EXERCISE INPUT
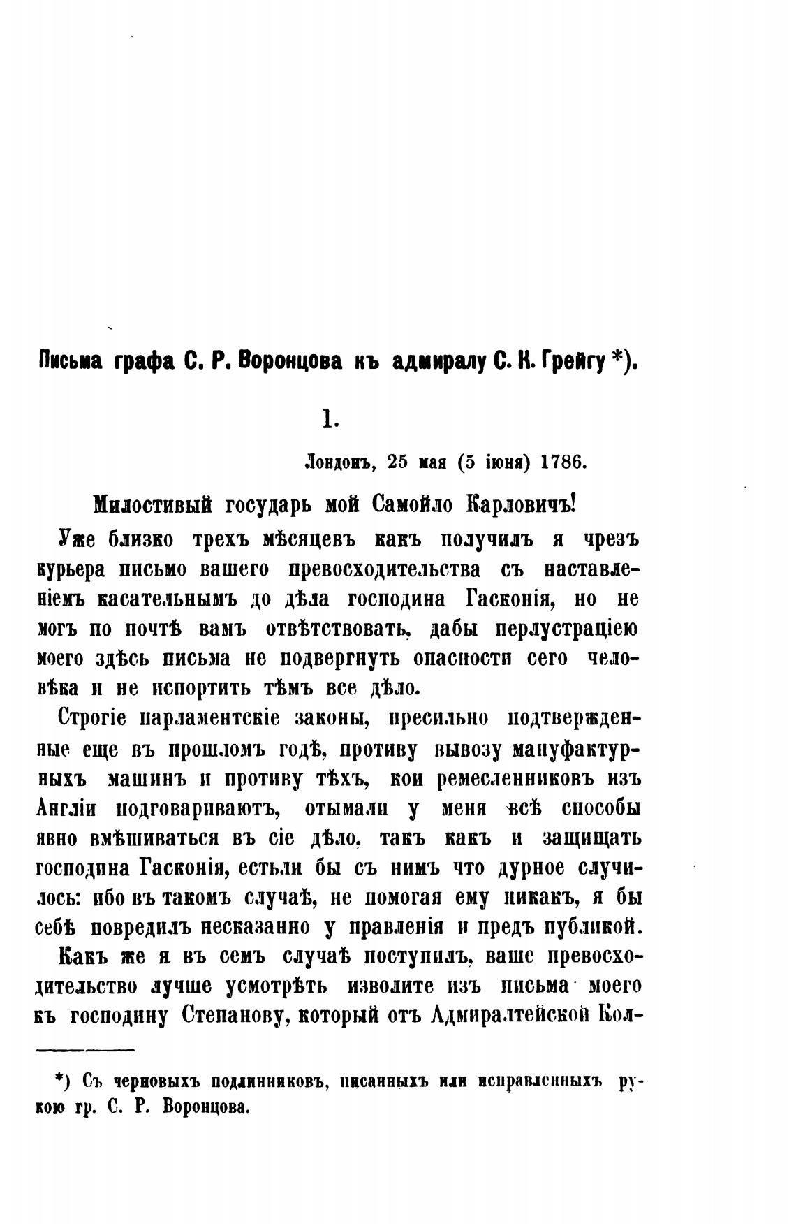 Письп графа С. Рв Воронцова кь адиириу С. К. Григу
* * *
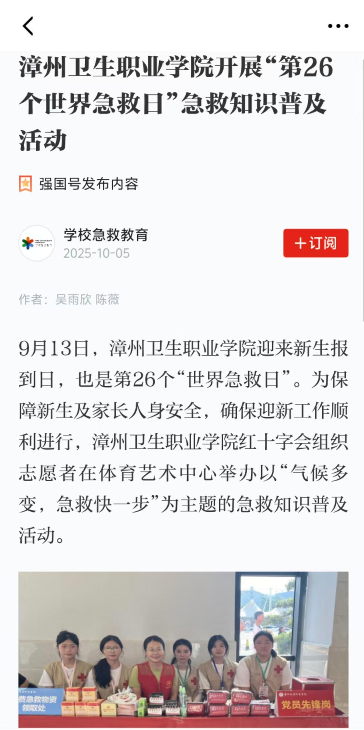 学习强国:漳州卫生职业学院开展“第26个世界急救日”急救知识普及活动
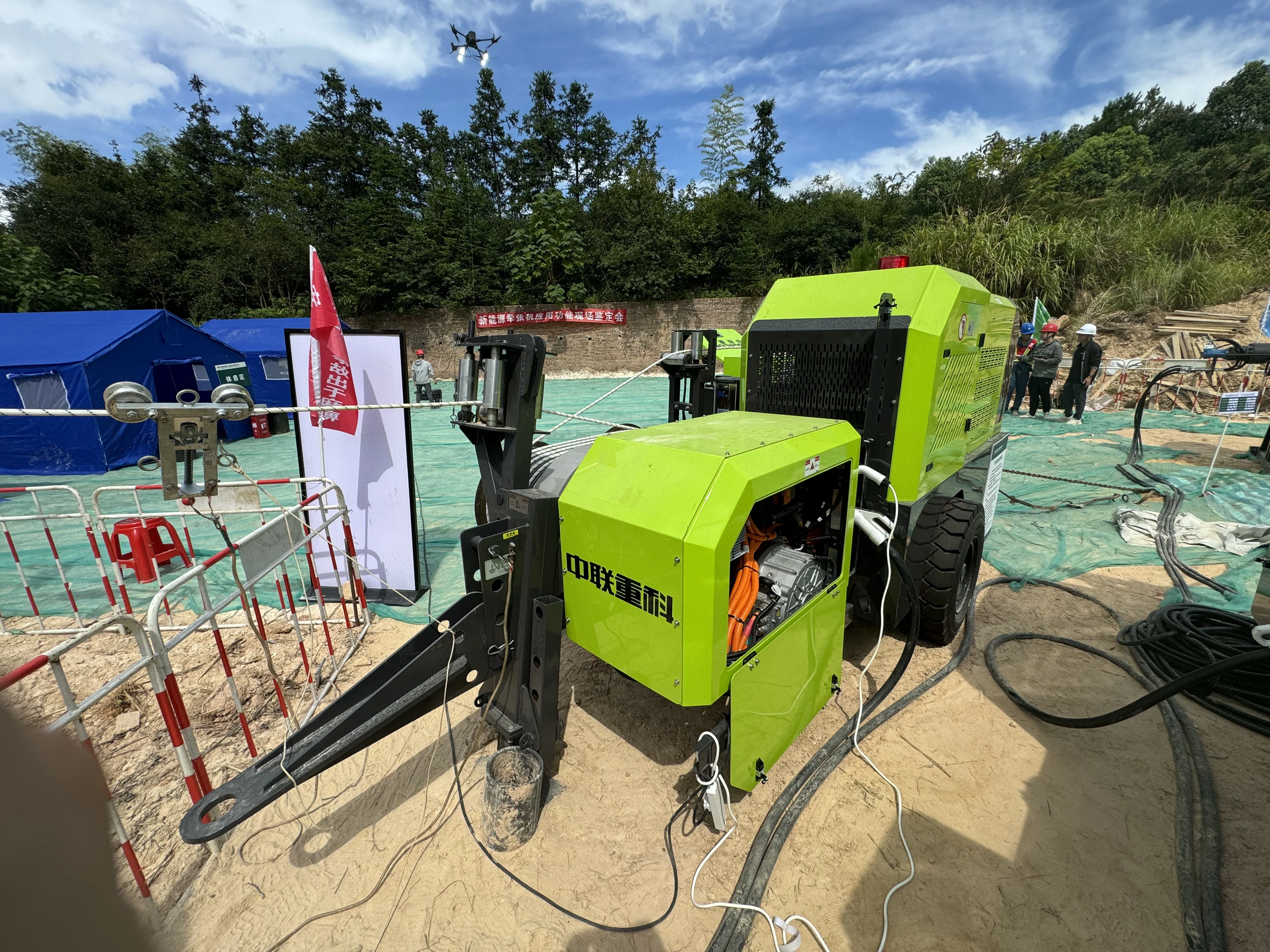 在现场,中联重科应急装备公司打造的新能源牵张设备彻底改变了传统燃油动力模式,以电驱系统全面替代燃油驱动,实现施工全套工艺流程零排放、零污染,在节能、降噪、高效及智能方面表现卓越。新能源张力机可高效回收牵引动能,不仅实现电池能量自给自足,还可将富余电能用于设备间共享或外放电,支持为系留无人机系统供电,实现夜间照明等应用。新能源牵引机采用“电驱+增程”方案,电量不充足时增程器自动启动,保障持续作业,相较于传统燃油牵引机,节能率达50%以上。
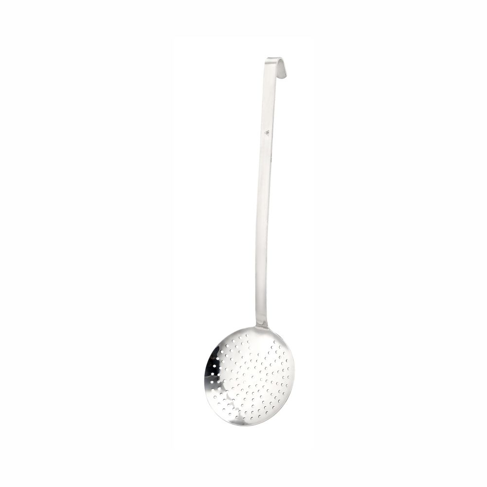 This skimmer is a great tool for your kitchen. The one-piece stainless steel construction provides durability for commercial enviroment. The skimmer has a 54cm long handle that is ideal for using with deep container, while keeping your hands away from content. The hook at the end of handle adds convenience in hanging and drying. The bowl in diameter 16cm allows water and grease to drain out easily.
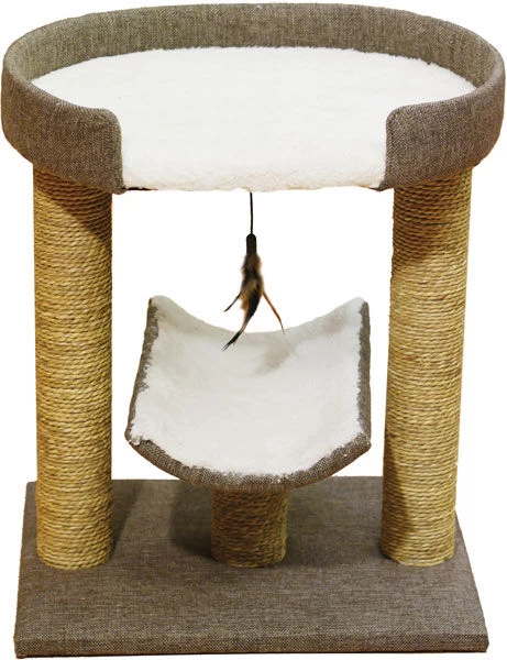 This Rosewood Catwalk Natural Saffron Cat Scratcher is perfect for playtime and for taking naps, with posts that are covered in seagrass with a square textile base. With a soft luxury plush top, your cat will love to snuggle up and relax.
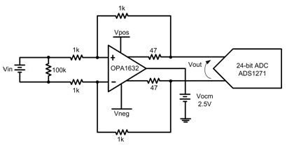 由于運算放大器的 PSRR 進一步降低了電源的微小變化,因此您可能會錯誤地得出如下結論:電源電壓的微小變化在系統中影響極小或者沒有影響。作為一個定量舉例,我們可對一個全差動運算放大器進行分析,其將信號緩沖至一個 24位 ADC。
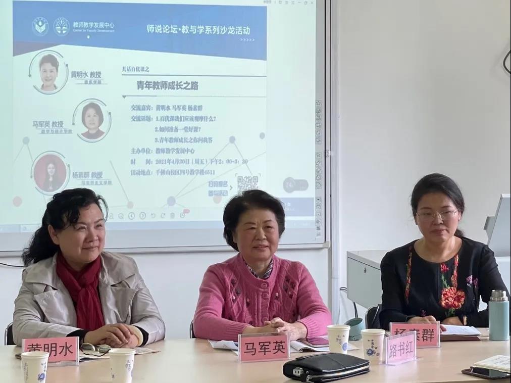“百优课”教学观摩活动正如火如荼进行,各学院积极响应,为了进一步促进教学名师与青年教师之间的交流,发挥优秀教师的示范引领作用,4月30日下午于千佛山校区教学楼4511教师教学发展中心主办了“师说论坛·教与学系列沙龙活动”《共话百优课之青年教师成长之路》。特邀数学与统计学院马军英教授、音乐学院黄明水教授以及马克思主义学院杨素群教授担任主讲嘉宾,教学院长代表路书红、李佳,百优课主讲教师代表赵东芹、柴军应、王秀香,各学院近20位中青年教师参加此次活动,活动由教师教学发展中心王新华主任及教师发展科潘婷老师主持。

WHAT IS REQUIRED
From the line holding "在现场,中联重科应急装备公司" to the line holding "This skimmer is", both included, retype the entries above exactly and drop the pictures.

ANSWER
 在现场,中联重科应急装备公司打造的新能源牵张设备彻底改变了传统燃油动力模式,以电驱系统全面替代燃油驱动,实现施工全套工艺流程零排放、零污染,在节能、降噪、高效及智能方面表现卓越。新能源张力机可高效回收牵引动能,不仅实现电池能量自给自足,还可将富余电能用于设备间共享或外放电,支持为系留无人机系统供电,实现夜间照明等应用。新能源牵引机采用“电驱+增程”方案,电量不充足时增程器自动启动,保障持续作业,相较于传统燃油牵引机,节能率达50%以上。
 This skimmer is a great tool for your kitchen. The one-piece stainless steel construction provides durability for commercial enviroment. The skimmer has a 54cm long handle that is ideal for using with deep container, while keeping your hands away from content. The hook at the end of handle adds convenience in hanging and drying. The bowl in diameter 16cm allows water and grease to drain out easily.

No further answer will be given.